_About this task_: The answer should be every line below, repeated exactly, with the images left out.
─── Data in this exercise
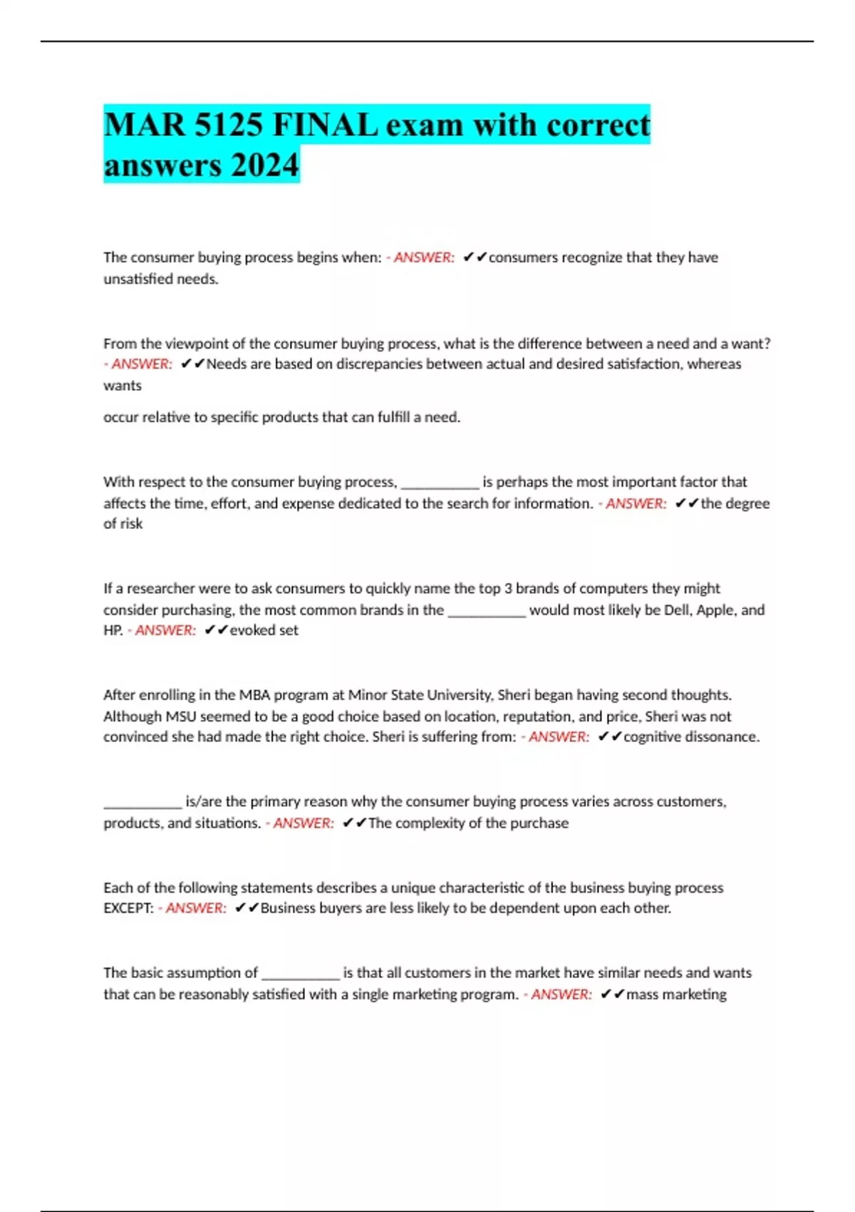 The consumer buying process begins when: - ANSWER: consumers recognize that they have unsatisfied needs. From the viewpoint of the consumer buying process, what is the difference between a need and a want? - ANSWER: Needs are based on discrepancies between actual and desired satisfaction, whereas wants occur relative to specific products that can fulfill a need. With respect to the consumer buying process, __________ is perhaps the most important factor that affects the time, effort, and expense dedicated to the search for information. - ANSWER: the degree of risk If a researcher were to ask consumers to quickly name the top 3 brands of computers they might consider purchasing, the most common brands in the __________ would most likely be Dell, Apple, and HP. - ANSWER: evoked set After enrolling in the MBA program at Minor State University, Sheri began having second thoughts. Although MSU seemed to be a good choice based on location, reputation, and price, Sheri was not convinced she had made the right choice. Sheri is suffering from: - ANSWER: cognitive dissonance. __________ is/are the primary reason why the consumer buying process varies across customers, products, and situations. - ANSWER: The complexity of the purchase Each of the following statements describes a unique characteristic of the business buying process EXCEPT: - ANSWER: Business buyers are less likely to be dependent upon each other. The basic assumption of __________ is that all customers in the market have similar needs and wants that can be reasonably satisfied with a single marketing program. - ANSWER: mass marketing The main advantage of __________ is specialization, as it allows the firm to focus its resources toward understanding and serving a single
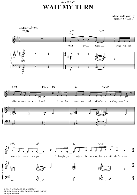 "Wait My Turn (from Suffs)" Sheet Music by Shaina Taub
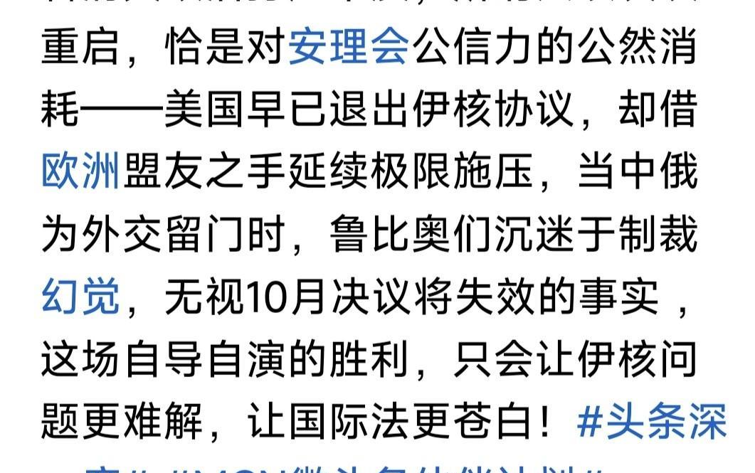 卢比奥感谢英法德,推动联合国重启对伊朗制裁!制裁共有六项:禁止伊朗浓缩铀,恢复对伊朗核计划,弹道导弹计划与武器贸易计划的限制。 按说一个主权国家,发展民用核能属于正当权益,研发弹道导弹,进行武器贸易,别国无权干涉。为何美欧禁止伊朗浓缩铀,限制以上计划呢? 说一千道一万,还是伊朗冒犯了美欧! 冒犯老美是因其扶持“哈真胡”,不仅与当地政府作对,还与美国在中东的“铁杆兄弟”以色列作对引起的? 冒犯欧洲是因俄乌战争,伊朗为俄提供“沙赫德”系列无人机,助俄与乌作战,侵犯了欧洲所谓“核心利益”? 如此两个罪名,足以让美欧对伊朗“恨之入骨”,长期对其制裁。近年美伊数次谈判,均无取得进展突破。 美欧不准伊朗拥有核武器!伊朗不想放弃核权利。双方争执不下,谈谈停停。最近因伊朗支持“哈真胡”,还被美伊轰炸一番,使核设施损失严重。 但这次轰炸,也使美伊“核谈判”再次中止。伊朗挨了炸,再次宣称“不放弃核权利”!英法德推动联合国,重启对伊朗制裁,就是在此背景发生。 英法德推动制裁伊朗,实则帮了美国的忙!因此卢比奥才对他们表示感谢?是否他们事先通过气,是美国让英法德行动的?人家毕竟都是北约嘛! 苍狼写到这里,忽然想到一件事:为何欧洲在伊核问题上,与美站在一起,愿为美国打头阵?而在巴勒斯坦问题上,却与美以唱反调,力推“巴勒斯坦”建国呢?是否也是双方“演双簧”? 这出“双簧戏”,可谓“一箭双雕”!一是促使哈马斯释放人质解散武装,退出加沙解甲为民;二是推动巴建国,让巴人自食其力甩包袱!因为世界援助巴勒斯坦几十年,还要援助多久呢? 当然若哈马斯不缴枪,只能任以色列继续清剿,彻底把他们铲除!然后再说巴勒斯坦建国,也是一种选择。 据悉美国最新提出,以哈结束冲突“21条”,内容就是如此。听说哈马斯同意了“21条”,不知道是真是假? 关键以色列同意吗?如果它不同意,找借口继续铲除哈马斯,谁能奈何?反正哈马斯不除,事情不好办啊! 最后再说一下伊朗:为何支持“哈真胡”?四处扶持“反政府武装”?省下这笔钱,用于国家发展与民生不好吗? 遵“背后老板”之命行事?还是想当中东“什叶派”老大?这两条路都不好走,回头是岸融入世界岂不是更好? …………
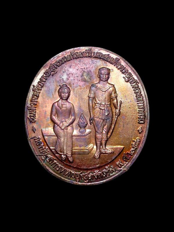 เหรียญสมเด็จพระนเรศวรมหาราช หลังสมเด็จพระพี่นางสุพรรณกัลยานี และสมเด็จพระอนุชาพระเอกาทศรถ ที่ระลึกในงานก่อสร้างพระบรมราชานุสาวรีย์ กองบัญชาการทหารสูงสุด จัดสร้างปี 2541
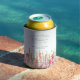 Perfect table decor for an August birthday party. Pink gladiolus is the birth flower for that month. It forms a pretty watercolor bottom border on this floral personalized can cooler. The birthday guest of honor's name, age and birthdate are placed above it using elegant calligraphy and typography. All text is editable.
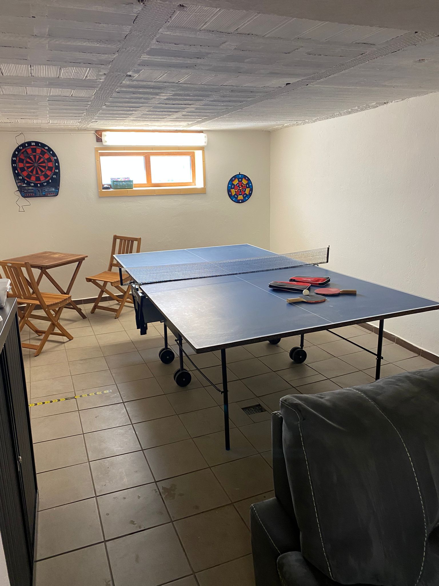 Ve všech částech domu jsou k dispozici dostatečné úložné prostory. Ve sklepní části objektu se nachází herna vybavená šipkami, herní konzolí a stolním tenisem.
──────
_The answer_:
 The consumer buying process begins when: - ANSWER: consumers recognize that they have unsatisfied needs. From the viewpoint of the consumer buying process, what is the difference between a need and a want? - ANSWER: Needs are based on discrepancies between actual and desired satisfaction, whereas wants occur relative to specific products that can fulfill a need. With respect to the consumer buying process, __________ is perhaps the most important factor that affects the time, effort, and expense dedicated to the search for information. - ANSWER: the degree of risk If a researcher were to ask consumers to quickly name the top 3 brands of computers they might consider purchasing, the most common brands in the __________ would most likely be Dell, Apple, and HP. - ANSWER: evoked set After enrolling in the MBA program at Minor State University, Sheri began having second thoughts. Although MSU seemed to be a good choice based on location, reputation, and price, Sheri was not convinced she had made the right choice. Sheri is suffering from: - ANSWER: cognitive dissonance. __________ is/are the primary reason why the consumer buying process varies across customers, products, and situations. - ANSWER: The complexity of the purchase Each of the following statements describes a unique characteristic of the business buying process EXCEPT: - ANSWER: Business buyers are less likely to be dependent upon each other. The basic assumption of __________ is that all customers in the market have similar needs and wants that can be reasonably satisfied with a single marketing program. - ANSWER: mass marketing The main advantage of __________ is specialization, as it allows the firm to focus its resources toward understanding and serving a single
 "Wait My Turn (from Suffs)" Sheet Music by Shaina Taub
 卢比奥感谢英法德,推动联合国重启对伊朗制裁!制裁共有六项:禁止伊朗浓缩铀,恢复对伊朗核计划,弹道导弹计划与武器贸易计划的限制。 按说一个主权国家,发展民用核能属于正当权益,研发弹道导弹,进行武器贸易,别国无权干涉。为何美欧禁止伊朗浓缩铀,限制以上计划呢? 说一千道一万,还是伊朗冒犯了美欧! 冒犯老美是因其扶持“哈真胡”,不仅与当地政府作对,还与美国在中东的“铁杆兄弟”以色列作对引起的? 冒犯欧洲是因俄乌战争,伊朗为俄提供“沙赫德”系列无人机,助俄与乌作战,侵犯了欧洲所谓“核心利益”? 如此两个罪名,足以让美欧对伊朗“恨之入骨”,长期对其制裁。近年美伊数次谈判,均无取得进展突破。 美欧不准伊朗拥有核武器!伊朗不想放弃核权利。双方争执不下,谈谈停停。最近因伊朗支持“哈真胡”,还被美伊轰炸一番,使核设施损失严重。 但这次轰炸,也使美伊“核谈判”再次中止。伊朗挨了炸,再次宣称“不放弃核权利”!英法德推动联合国,重启对伊朗制裁,就是在此背景发生。 英法德推动制裁伊朗,实则帮了美国的忙!因此卢比奥才对他们表示感谢?是否他们事先通过气,是美国让英法德行动的?人家毕竟都是北约嘛! 苍狼写到这里,忽然想到一件事:为何欧洲在伊核问题上,与美站在一起,愿为美国打头阵?而在巴勒斯坦问题上,却与美以唱反调,力推“巴勒斯坦”建国呢?是否也是双方“演双簧”? 这出“双簧戏”,可谓“一箭双雕”!一是促使哈马斯释放人质解散武装,退出加沙解甲为民;二是推动巴建国,让巴人自食其力甩包袱!因为世界援助巴勒斯坦几十年,还要援助多久呢? 当然若哈马斯不缴枪,只能任以色列继续清剿,彻底把他们铲除!然后再说巴勒斯坦建国,也是一种选择。 据悉美国最新提出,以哈结束冲突“21条”,内容就是如此。听说哈马斯同意了“21条”,不知道是真是假? 关键以色列同意吗?如果它不同意,找借口继续铲除哈马斯,谁能奈何?反正哈马斯不除,事情不好办啊! 最后再说一下伊朗:为何支持“哈真胡”?四处扶持“反政府武装”?省下这笔钱,用于国家发展与民生不好吗? 遵“背后老板”之命行事?还是想当中东“什叶派”老大?这两条路都不好走,回头是岸融入世界岂不是更好? …………
 เหรียญสมเด็จพระนเรศวรมหาราช หลังสมเด็จพระพี่นางสุพรรณกัลยานี และสมเด็จพระอนุชาพระเอกาทศรถ ที่ระลึกในงานก่อสร้างพระบรมราชานุสาวรีย์ กองบัญชาการทหารสูงสุด จัดสร้างปี 2541
 Perfect table decor for an August birthday party. Pink gladiolus is the birth flower for that month. It forms a pretty watercolor bottom border on this floral personalized can cooler. The birthday guest of honor's name, age and birthdate are placed above it using elegant calligraphy and typography. All text is editable.
 Ve všech částech domu jsou k dispozici dostatečné úložné prostory. Ve sklepní části objektu se nachází herna vybavená šipkami, herní konzolí a stolním tenisem.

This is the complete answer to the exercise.